--- Data provided Enclosed Below ---

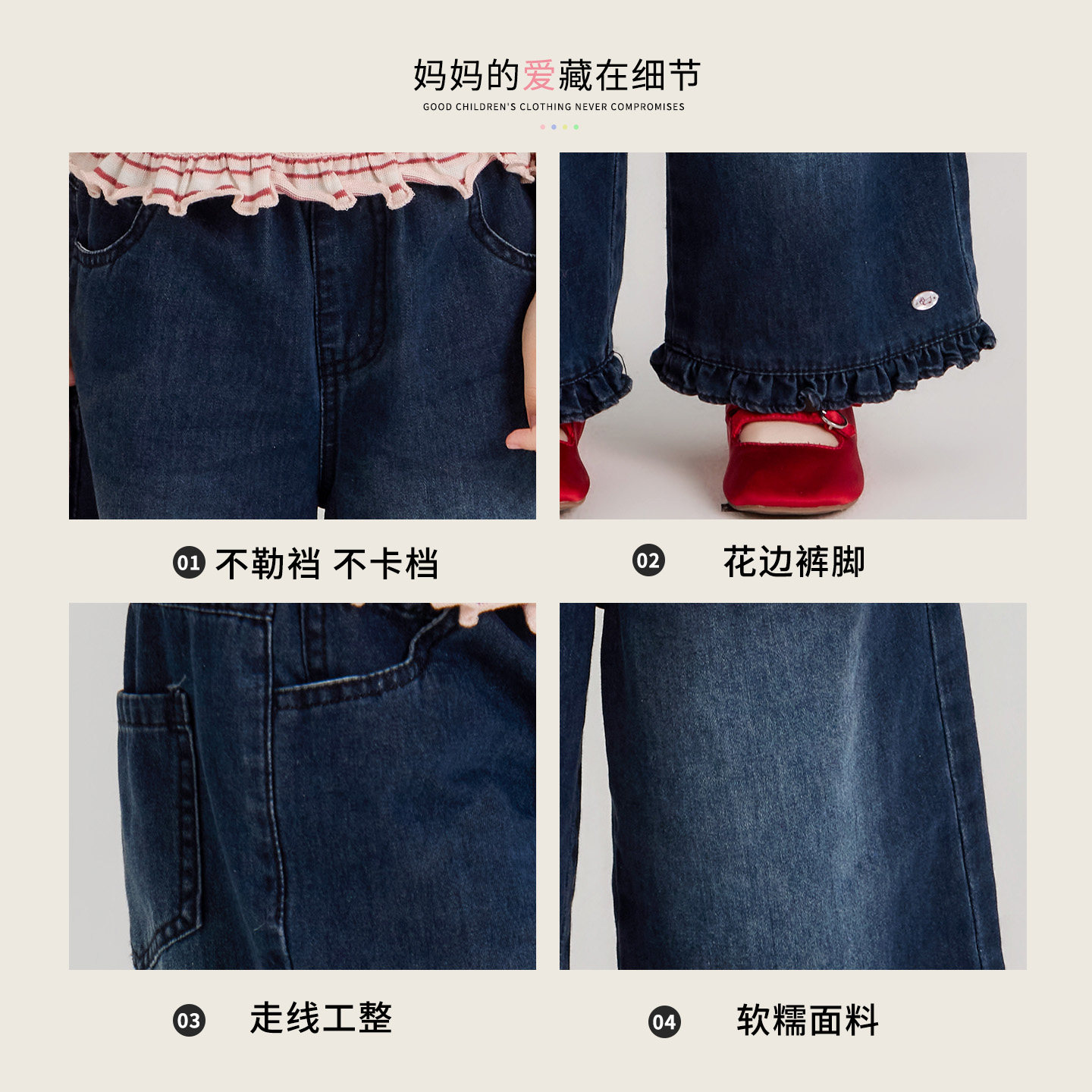 宝宝时尚 允儿妈女童日系纯棉泼漆牛仔裤 儿童2026新款 直筒裤 休闲裤
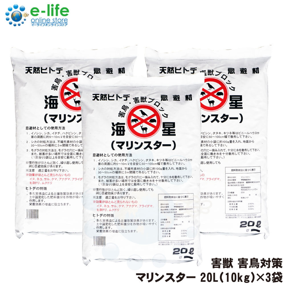 イノシシ シカ 対策 マリンスター 20L(10kg)×3袋 ヒトデ 忌避 猪 鹿 対策 モグラ カラス ハト 忌避剤 畑 被害 ...
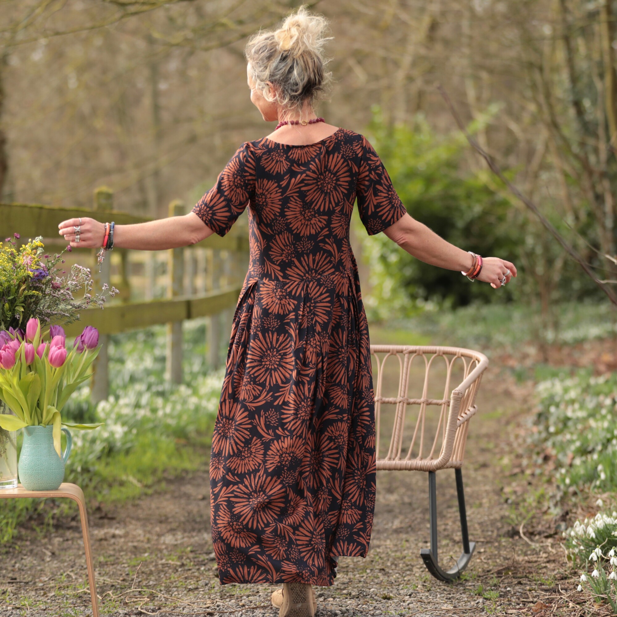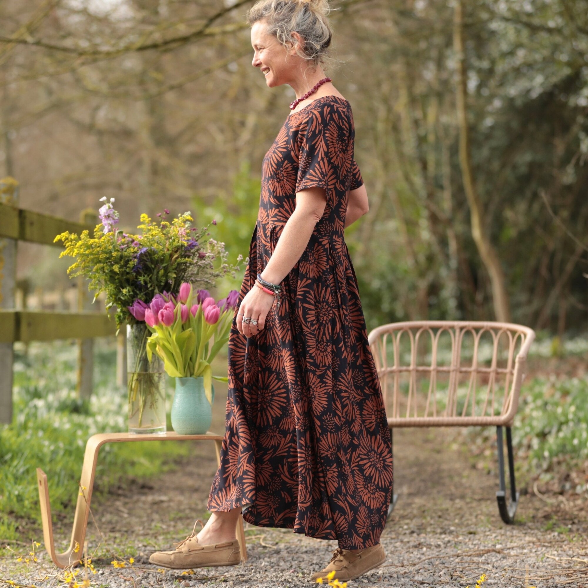 Robe Louisa - Viscose fleurie camel

--- End of Enclosed Data provided ---

Nothing but the text of the listing should be set down, exactly, with the pictures left behind.

_Reply to the task:_
 宝宝时尚 允儿妈女童日系纯棉泼漆牛仔裤 儿童2026新款 直筒裤 休闲裤
 イノシシ シカ 対策 マリンスター 20L(10kg)×3袋 ヒトデ 忌避 猪 鹿 対策 モグラ カラス ハト 忌避剤 畑 被害 ...
 Robe Louisa - Viscose fleurie camel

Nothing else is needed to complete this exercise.